MDA-MB-231 cells exposed to Dox together with rHMGB1 showed statistically significantly higher viability than those treated with Dox alone (Figure 6A). This effect was reversed by the addition of an HMGB1 neutralizing antibody. The fact that LC3B-I converts to LC3B-II and levels of LC3B-II increase over time suggests that autophagy occurs in MDA-MB-231 cells treated with rHMGB1 (Figure 6B).

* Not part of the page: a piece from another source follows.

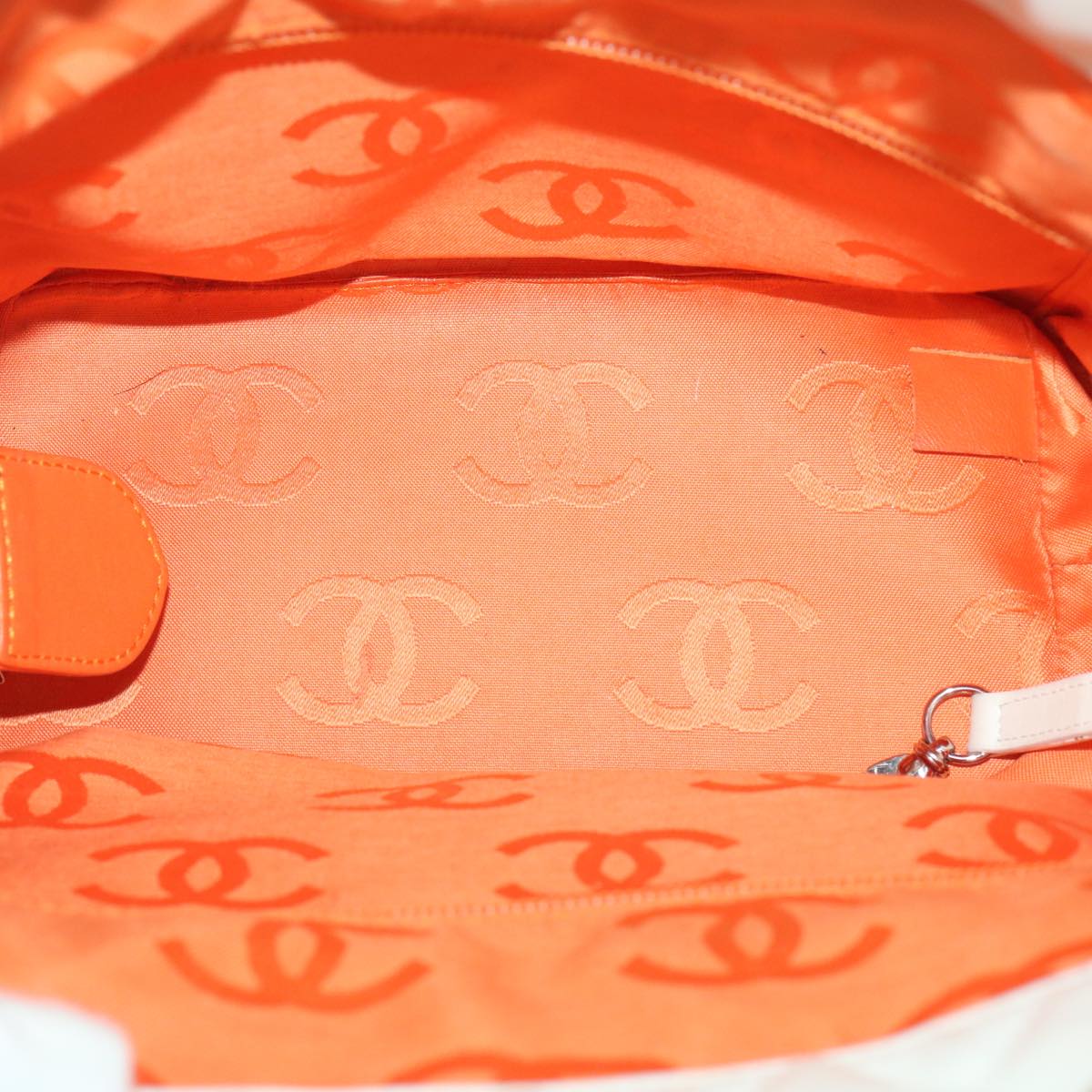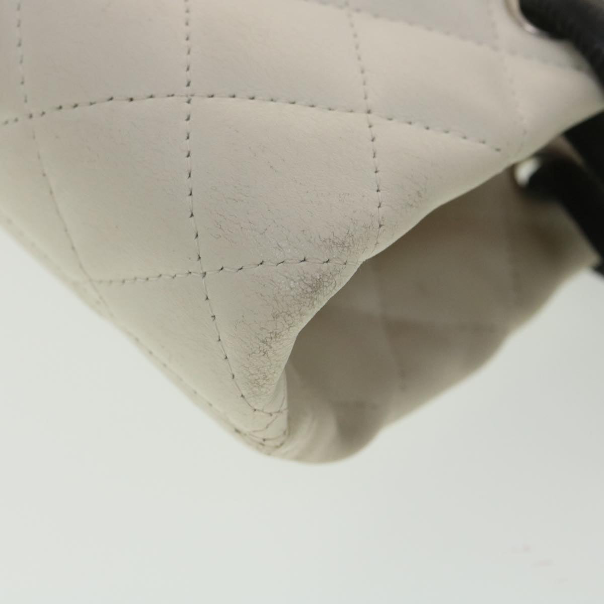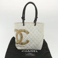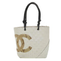 Chanel Cambon Line Tote Bag Lamb Skin White CC Auth am3907

Dead cancer-CM, (shown to increase the level of extracellular HMGB1; Figure 5B) also increased the survival of MDA-MB-231 cells during subsequent Dox treatment (Figure 6C) and this effect was reversed by an HMGB1 neutralizing antibody (**p-value = 0.006). The blocking antibody also showed a small but significant reduction in cell viability in the absence of CM (p-value = 0.017).